Laurent sortit, et Mercourt, qui était descendu avec lui, le vit monter dans une petite voiture de remise ; mais Laurent se fit conduire au bois de Boulogne, où il dîna tout seul dans un petit café, et d’où il revint à la nuit tombée, à pied et perdu dans ses rêveries.

Le bois de Boulogne n’était pas à cette époque ce qu’il est aujourd’hui. C’était plus petit d’aspect, plus négligé, plus pauvre, plus mystérieux et plus champêtre : on y pouvait rêver.

Les Champs-Elysées, moins luxueux et moins habités qu’aujourd’hui, avaient de nouveaux quartiers où se louaient encore à bon marché de petites maisons avec de petits jardins d’un caractère très-intime.
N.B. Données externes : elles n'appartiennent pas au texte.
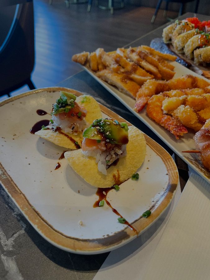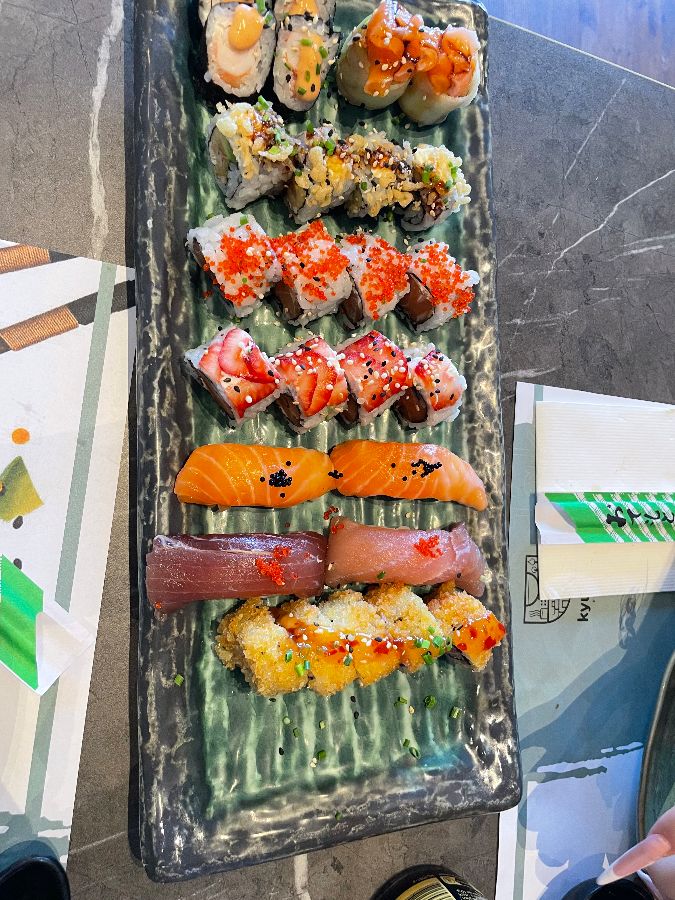 접시 위로 펼쳐진 스시들은 그야말로 예술 작품입니다. 다채로운 색감의 생선회와 토핑, 정교하게 말아 올린 롤의 향연은 시각적인 즐거움부터 선사합니다. 붉은 참치, 주황빛 연어, 새하얀 광어살, 그리고 각양각색의 날치알과 아보카도, 딸기까지. 평범함을 거부하는 Kyuden의 스시는 단순한 음식을 넘어 오감을 자극하는 미식 경험을 제공합니다. “스시는 신선하고, 보기에도 예쁘고, 맛도 좋아요”라는 평가는 이곳의 스시가 가진 모든 매력을 한 문장으로 요약합니다.
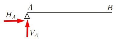 鉛直方向反力 $(V)$ と水平方向反力 $(H)$ の2種類の反力が生ずる .また,解析用のモデルにおける支点記号には
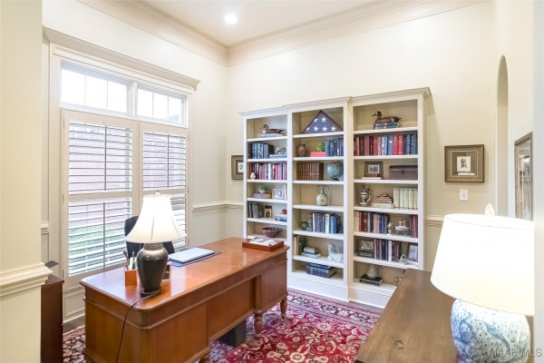 The functional layout includes a dedicated study/home office and a spacious primary suite featuring a private sitting area, perfect for a quiet retreat or reading nook off of the tons of built in bookshelves in both the study and primary bedroom. The primary bath is a true escape with a large soaking tub and an oversized walk-in shower. There is a real Cedar closet in the primary bedroom for all of your wool and winter items.
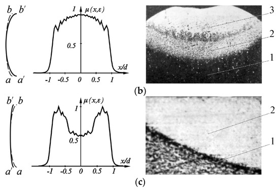 Geometry of the focusing of a laser beam (a) [17], schematic images of deviations a′b′ from the calculated surface ab as well as the function µ (x, ε) that characterize the distribution of energy [17] and resulting defects. Defects in the cross-sections of the heat-affected zones of steels during laser processing: an uneven processing depth along the width of the heat-affected zone of carbon tool steel (b) and local melts when processing alloy tool steel (c): 1—initial structure; 2—area of hardening without melting; 3—melting area [18].
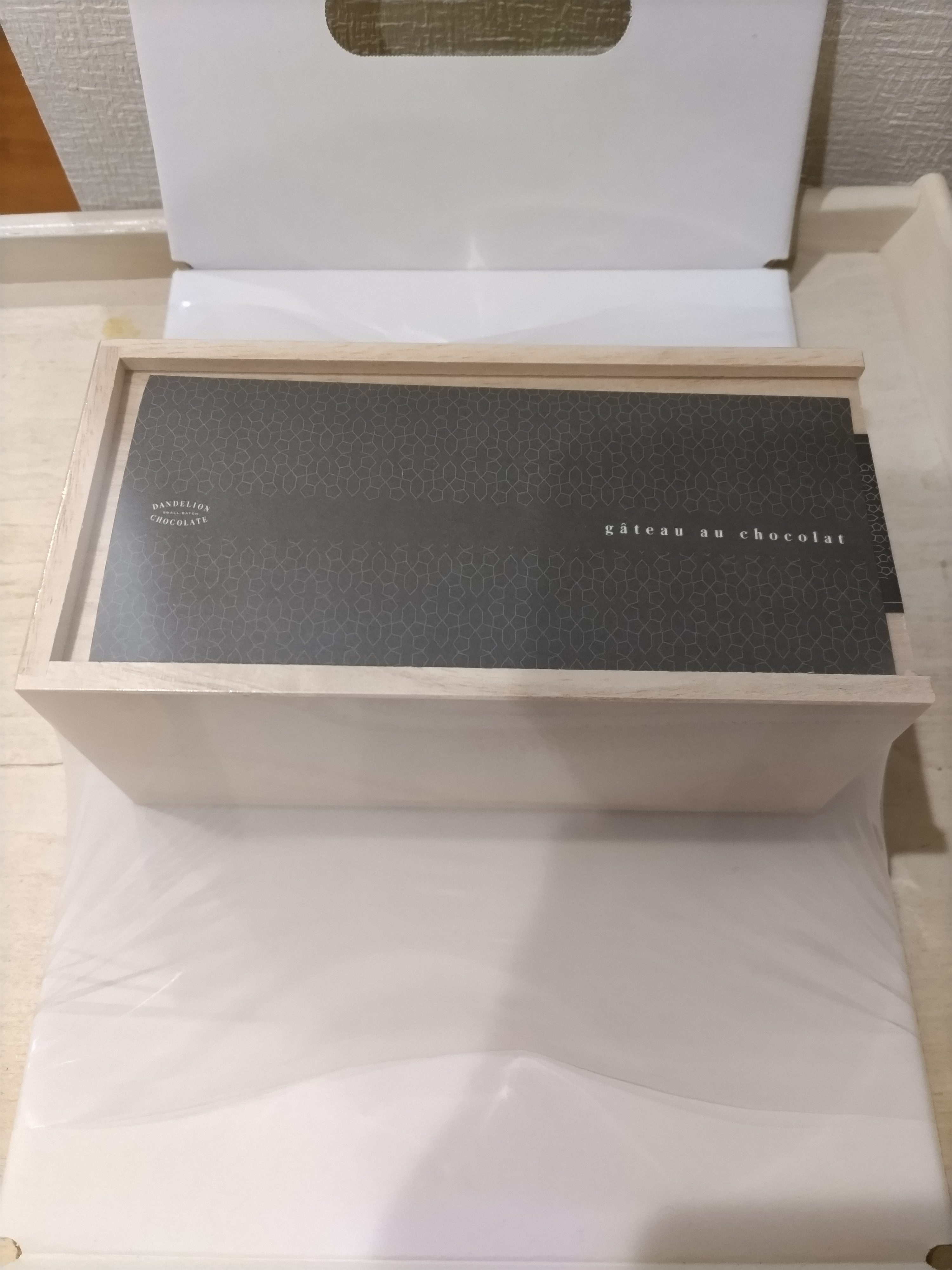 ガトーショコラはとっても上質な桐の箱に入っていて箱の上には上品にデザインされた黒いラベル箱の下には店名のロゴの焼き印が入っておりシンプルながらも高級感がいっぱい。
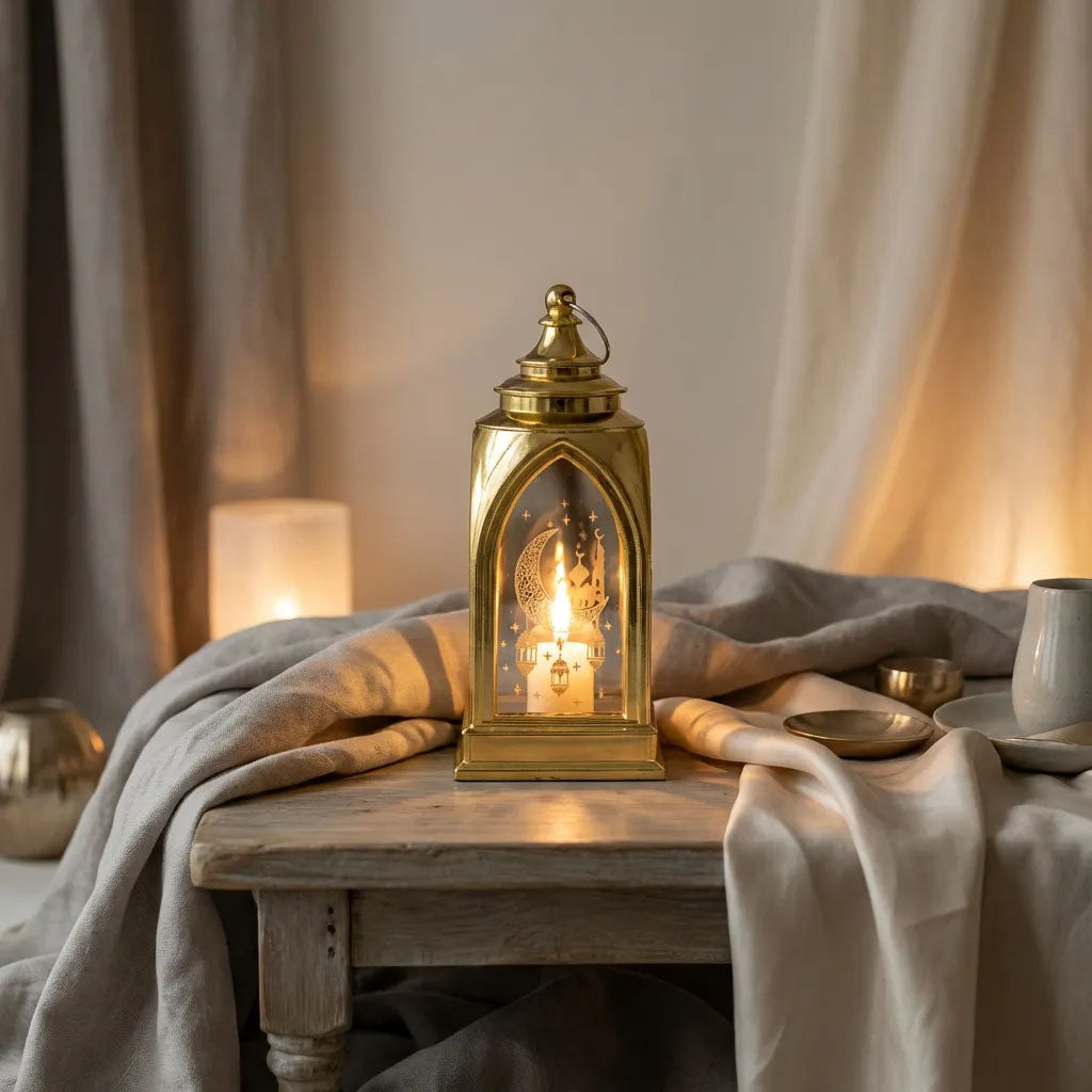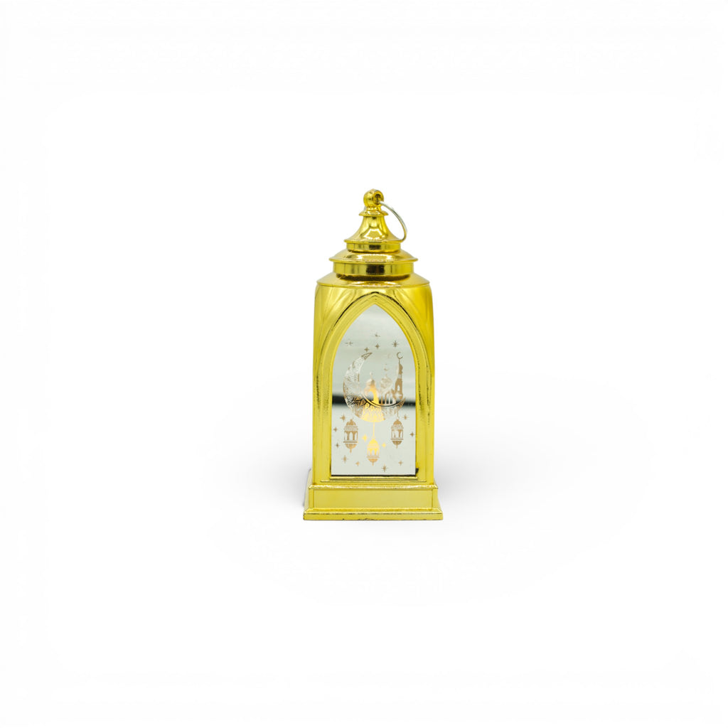 Mini Arched Mirrored Glass Shiny Gold LED Lantern For Ramadan & Eid
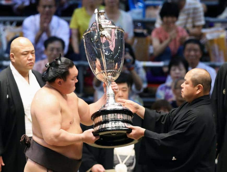 Mitakeumi, qui est le seul lutteur a avoir vaincu Hakuho dans ce tournoi, s’est vu remettre un shukun shô (meilleure performance) pour la deuxième fois consécutive.
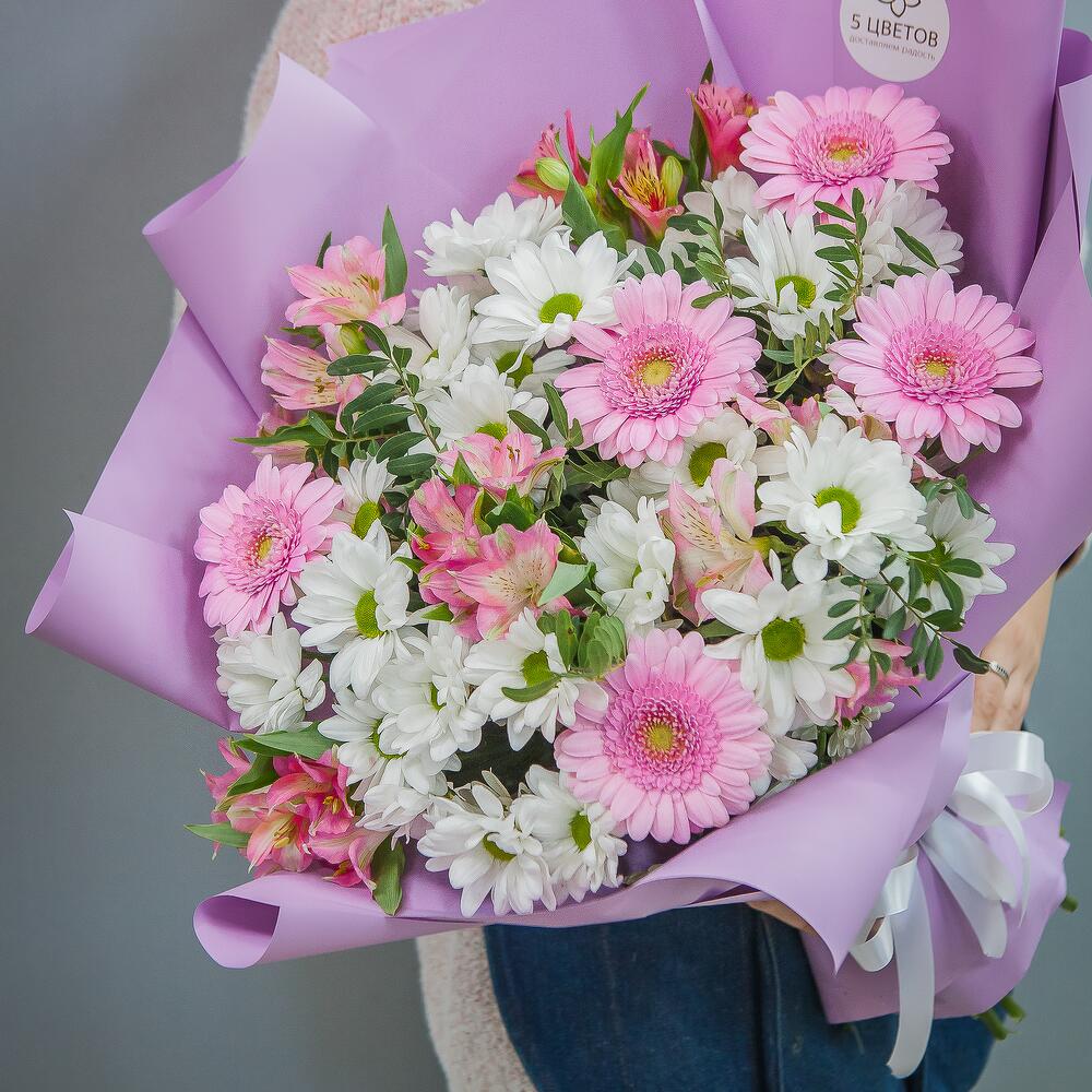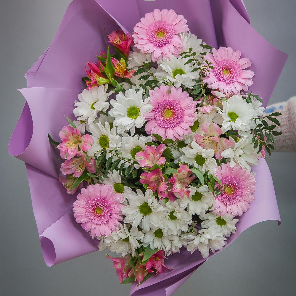 Хризантема – 5 шт.Альстромерия розовая – 7 шт.Гербера розовая – 5 шт.Фисташка – 3 шт.
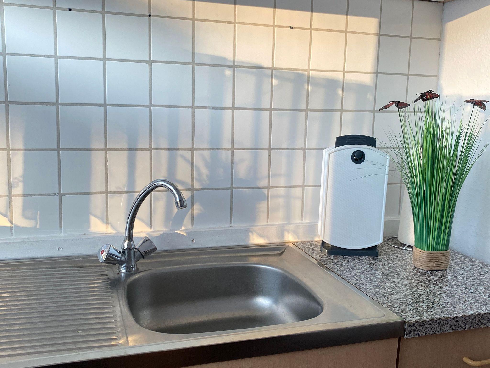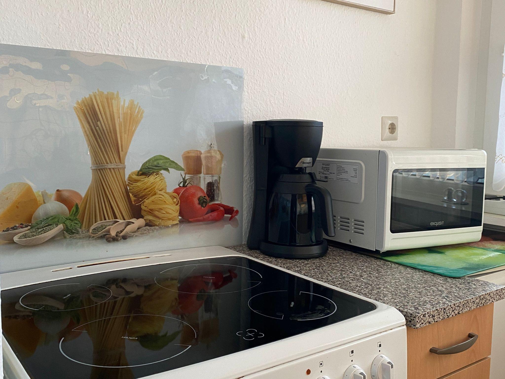 • Küche: kleine Küchenzeile, 4er-Ceran-Herd, Backofen, Kühlschrank mit Gefrierfach, Spülmaschine, Wasserkocher, Kaffeemaschine, Toaster, Mikrowelle
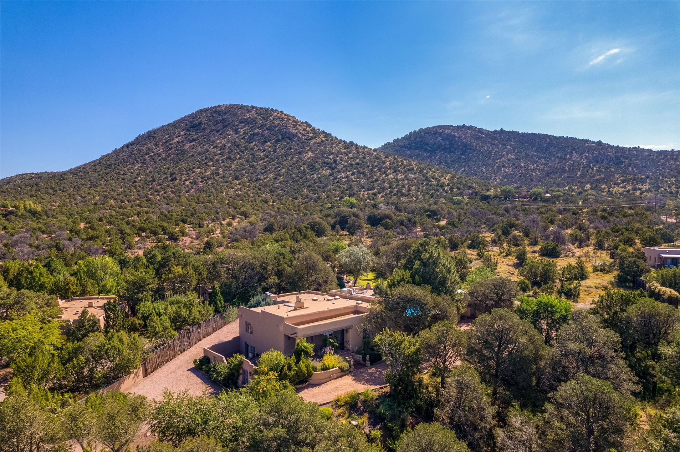 Welcome to 3881 Old Santa Fe Trail -- a thoughtfully reimagined property that honors its historic roots while embracing refined modern living. Originally sited circa 1947, this exceptional home rests peacefully on a serene 2-acre parcel, offering breathtaking views of both Sun and Moon Mountains. Every element of the renovation -- indoors and out -- has been approached with care, creativity, and a deep respect for the land and its legacy. The property beautifully blends old-world charm with contemporary elegance. A fully restored Casita now includes a luxurious steam room, while the tastefully redesigned Main House features distinctive architectural details, curated finishes, and upgraded amenities throughout. Step outside and discover a private saltwater pool -- the perfect sanctuary for relaxation or entertaining under Santa Fe skies. This home is a rare opportunity to experience the best of Santa Fe living -- timeless, soulful, and vibrant.
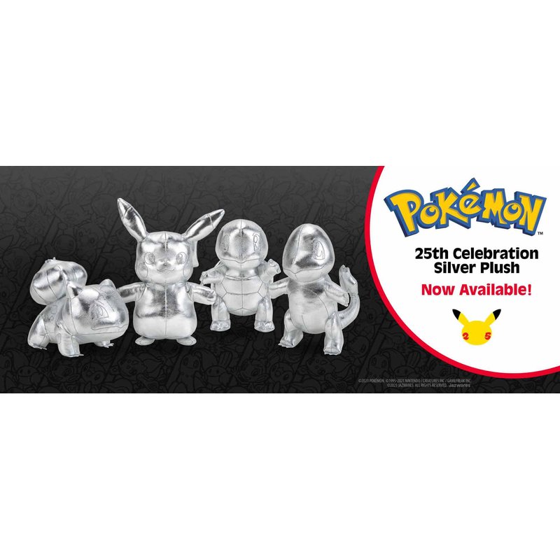 - Celebrate the 25th Anniversary of Pokemon with the cute and cuddly 8" Pokémon silver Charmander, Bulbasaur, and Squirtle Plush!
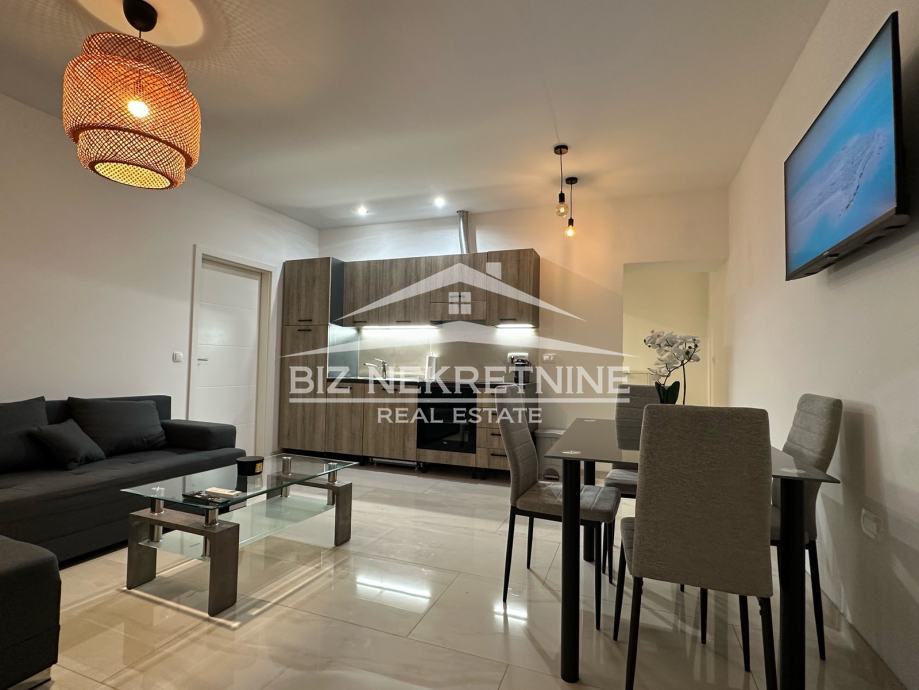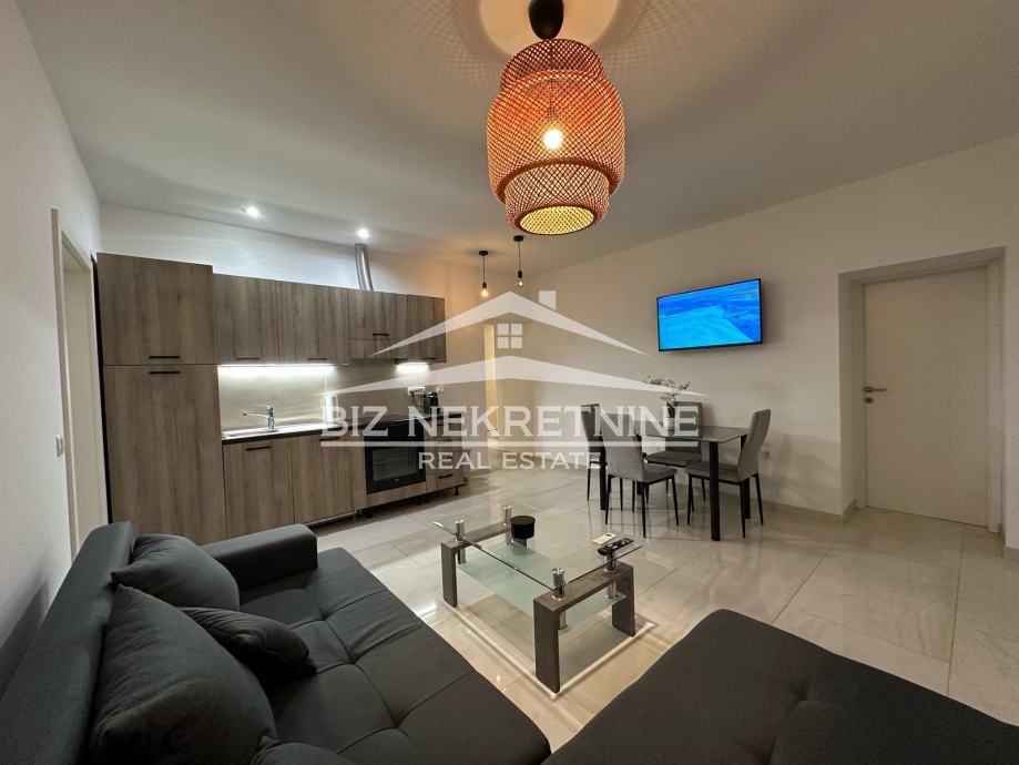 Stan je novo namješten i u potpunosti adaptiran, te spreman za useljenje bez dodatnih ulaganja. Sastoji se od dvije spavaće sobe, dnevnog boravka, kuhinje, kupaonice, ostave i terase.

On y pouvait vivre et travailler.

C’était dans une de ces maisonnettes blanches et propres, au milieu des lilas en fleur, et derrière une grande haie d’aubépine fermée d’une barrière peinte en vert, que demeurait Thérèse. On était au mois de mai. Le temps était magnifique. Comment Laurent se trouva, à neuf heures, derrière cette haie, dans la rue déserte et inachevée où les réverbères n’avaient pas encore été installés, et sur les talus de laquelle poussaient encore les orties et les folles herbes, c’est ce que lui-même eût été embarrassé d’expliquer.

La haie était fort épaisse, et Laurent tourna sans bruit tout à l’entour, sans apercevoir autre chose que des feuilles légèrement dorées par une lumière qu’il supposa placée dans le jardin, sur une petite table auprès de laquelle il avait l’habitude de fumer quand il passait la soirée chez Thérèse. On fumait donc dans le jardin ? ou on y prenait le thé, comme cela arrivait quelquefois ? Mais Thérèse avait annoncé à Laurent qu’elle attendait toute une famille de province, et il n’entendait que le chuchotement mystérieux de deux voix, dont l’une lui paraissait être celle de Thérèse. L’autre parlait tout à fait bas : était-ce celle d’un homme ?

Laurent écouta à en avoir des tintements dans les oreilles, jusqu’à ce qu’enfin il entendît ou crût entendre ces mots dits par Thérèse :

— Que m’importe tout cela ? Je n’ai plus qu’un amour sur la terre, et c’est vous !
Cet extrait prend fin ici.